What strikes me even more is that you can just do that:

public class Team {

     ...

     @OneToMany(cascade = CascadeType.PERSIST, mappedBy = "team")
     public List<Player> players;
}

public class Player {

     ....

     @ManyToOne
     public Team team;

}


So no ElementJoinColumn or JoinColumn as i would need to if using  
unidirectional links from parent to child. Makes kind of sense because  
now mapping the parent in the child class, i dont need to tell him  
where the FK thingy is. Now its just a direct mapping and the defaults  
are ok to map to the FK field "team_oid" in the Player Table.

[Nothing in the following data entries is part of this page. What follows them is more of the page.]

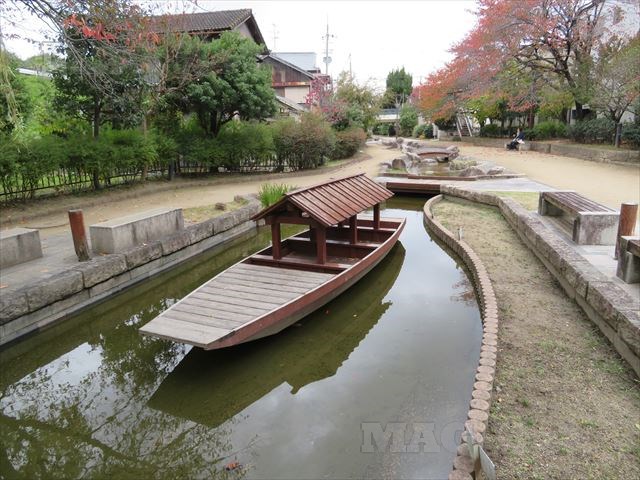 「水面迴廊」の端には三十石船が置かれ、水辺の散歩に最適の場所です。
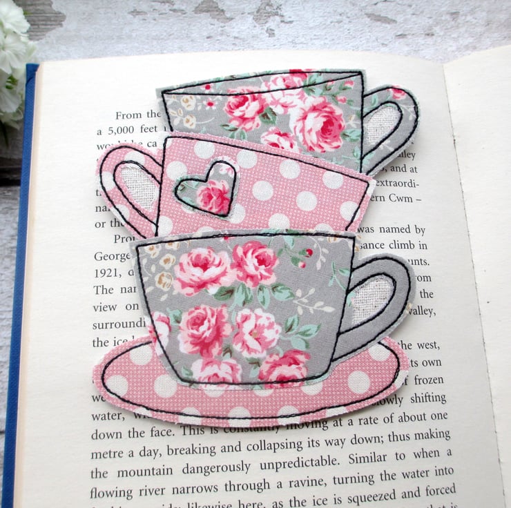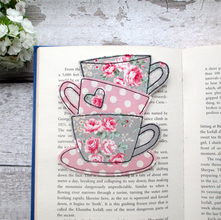 Why not treat yourself, and make reading that much more special with this quirky tea cup stack fabric bookmark.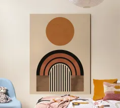 Questo design minimalista è caratterizzato da eleganti linee curve in calde tonalità della terra, dal morbido beige all'audace arancione e nero. Gli archi armoniosi ricordano l'estetica retrò e boho e creano una sensazione di calma e calore. Perfetto per gli spazi abitativi moderni, per gli interni scandinavi o come elemento di spicco in uffici e camere da letto. Questo motivo è versatile e adatto a murales, poster, cuscini, tazze e altro ancora.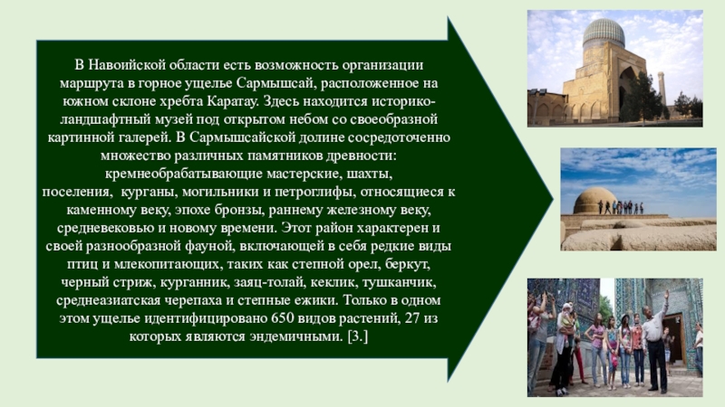 Слайд 13В Навоийской области есть возможность организации маршрута в горное ущелье Сармышсай,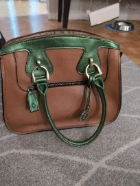 This is a brown and Metallic green handbag. It has two top handles and a top zipper closure. There's a small charm hanging from one of the handles. Comes with shoulder strap. Excellent condition - killer style.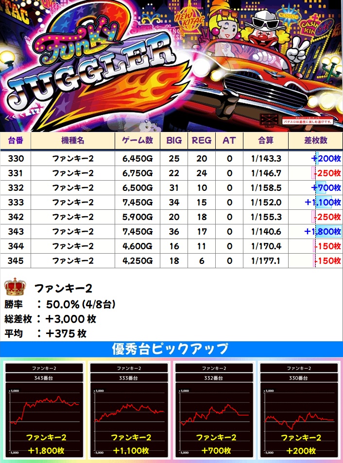 もちろん単品優秀台も全体からしっかりと確認!今回も綺麗な右肩上がりのグラフが多いだけに、質の高い優秀台が全体に散りばめられていましたね!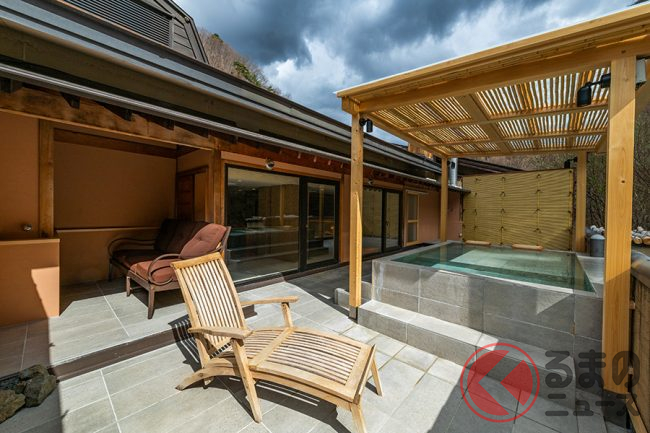 すべてがベッドタイプそして客室露天風呂付き。室内は地元産の木材(選び抜かれたカラマツや杉)を使った開放的でモダンな空間となっている。フラットソファなどを採用するなど体を開放するかのように、ゴロゴロと自由気ままに過ごせるのがいい。目にも眩しい四季折々の自然が目の前に広がり、大自然の中でくつろいでいるかのようだ。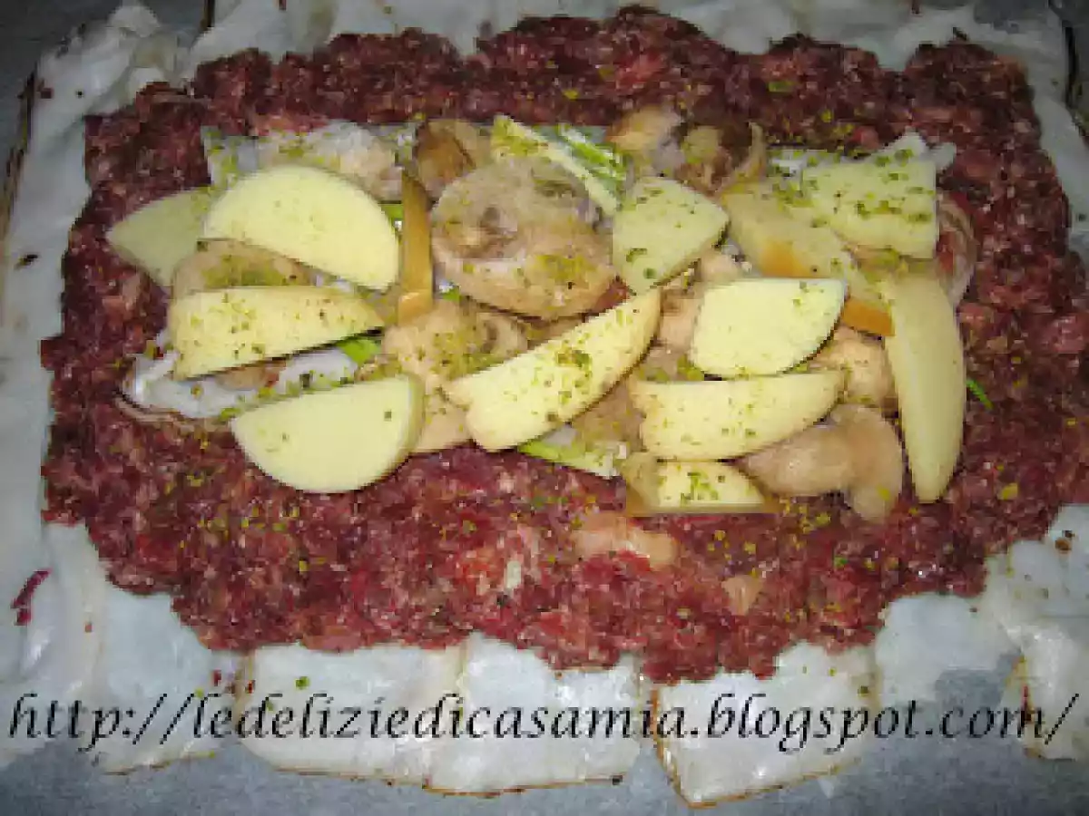 - Impastate bene la carne trita di cavallo,prendete un foglio di carta forno,disponete uno accanto all'altra le fette di lardo,al centro formate un rettangolo con la carne e farcite.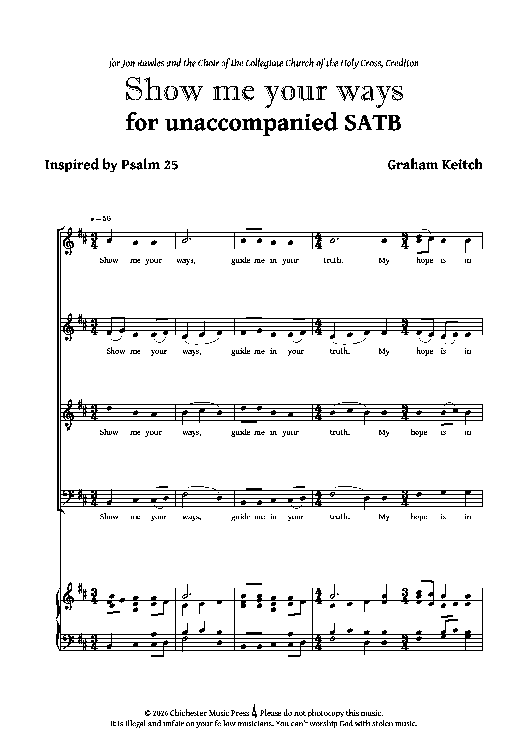 The text for this short motet was inspired by some of the words contained in Psalm 25 vv4-7. 'Show me your ways, guide me in your truth. My hope is in you'. The motet can be sung as an introit for evensong or during Holy Communion at any time throughout most of the liturgical year.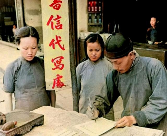 图为1940年的重庆一个“书信代写”摊,一名头戴帽子的先生正在给两名女子写“家书”!可能是写给远方的丈夫吧,那个时候很多家庭的男子都外出做事!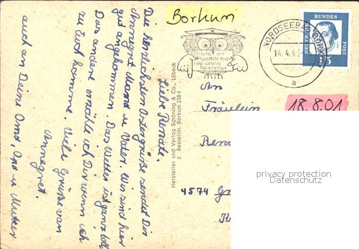 72133152 alte Postkarte BORKUM Nordseebad Niedersachsen Leuchttuermen postalisch gelaufen Erhaltung siehe scans KatCode: 11110003457002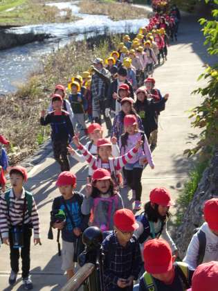 歩いている様子です。しっかり列になり歩いていました。(11月24日)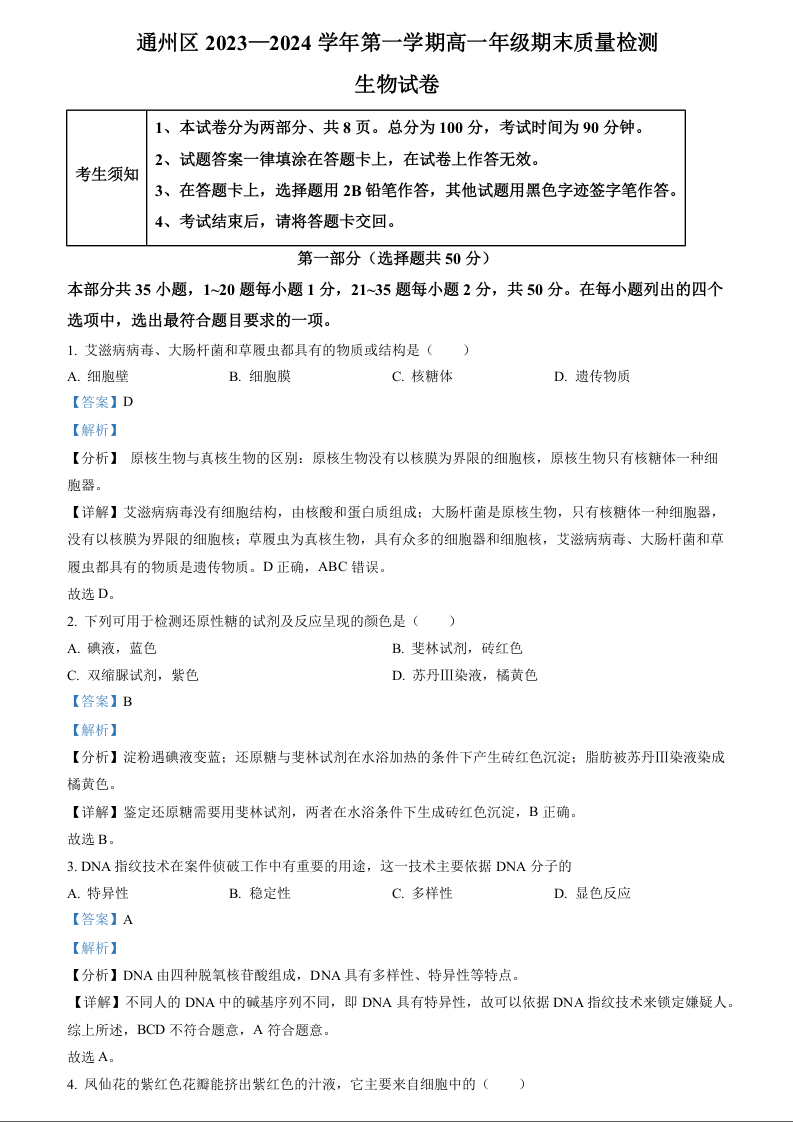 北京市通州区2023-2024学年高一上学期期末考试生物(精品解析版)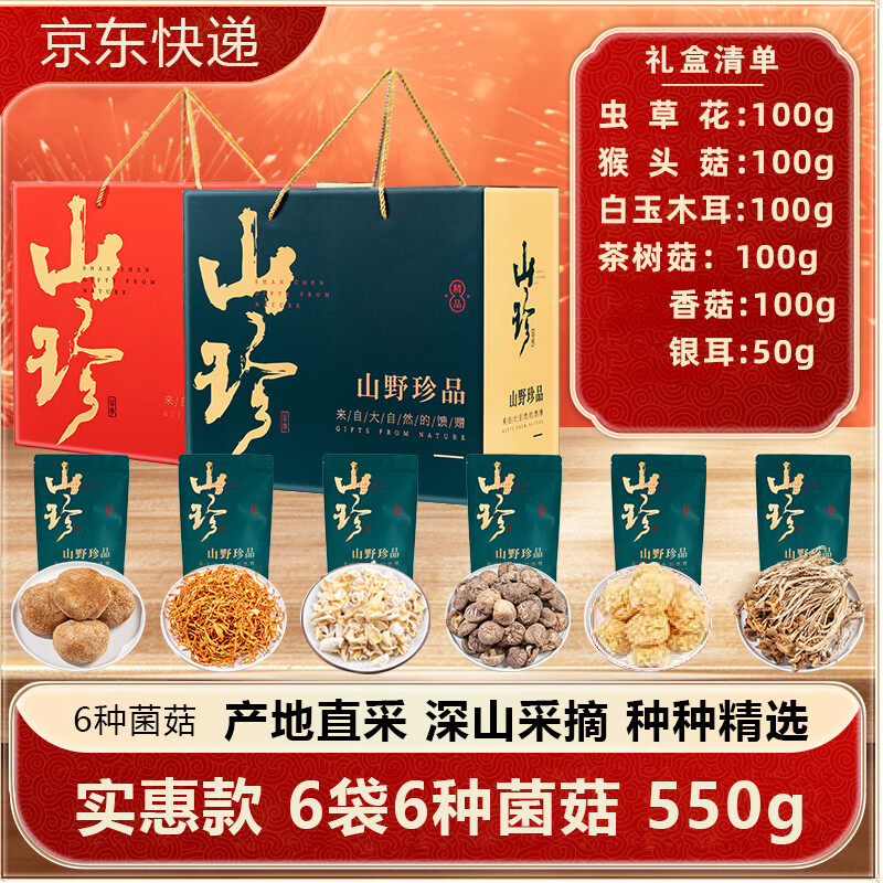 菌裕过年礼盒送礼佳品山珍礼盒菌菇组合干货送长辈礼物特产羊肚菌 550g E款6袋*6味菌菇礼盒 山珍菌菇礼盒【红色】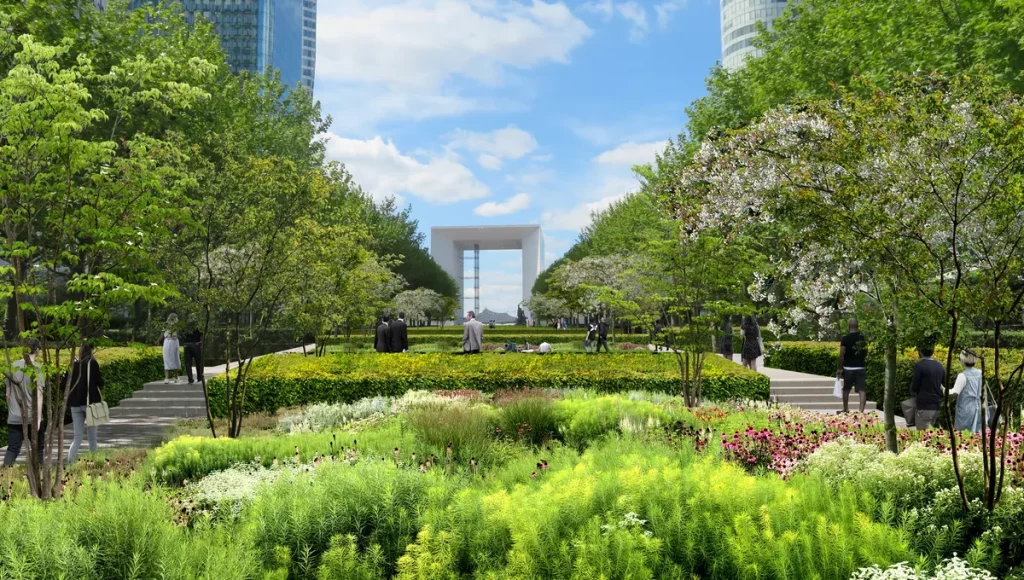 In 2028 kunnen we afscheid nemen van de tegels van de esplanade van La Défense en het veel te minerale uiterlijk ervan, want een echt park van 5 ha zal de plek volledig opnieuw vormgeven. Over twee jaar kunnen de Parijzenaars wandelen over een volledig begroeide ruimte van meer dan 600 meter lang, ontworpen om elkaar te ontmoeten. Deze historische as zal verschillende pleinen, begroeide wandelpaden, sportfaciliteiten en een speeltuin voor het hele gezin omvatten.

To me the documentation is lacking heavily in exactly this spot.  
Because it turns out that the bidirectional mapping of a child-FK- 
Mapping is completely different as the unidirectional one because then  
we would need all that ElementJoinColumn magic. Took me one day to  
figure this out and you helped me in getting the facts straight that  
the ORM layer is not that smart as i believed. For me, OpenJPA could  
easily figure the backrefs for itself, at least it looks as it could  
do so.

Would be interessting to know if this keeps being this way in Version  
2. But on the other hand, it wont kill you to set the backref, you  
just have to know it in the first place. And now i finally created  
test classes for all that mapping stuff so that i can fiddle around  
with various mappings in a short timeframe w/o boostrapping my J2EE app.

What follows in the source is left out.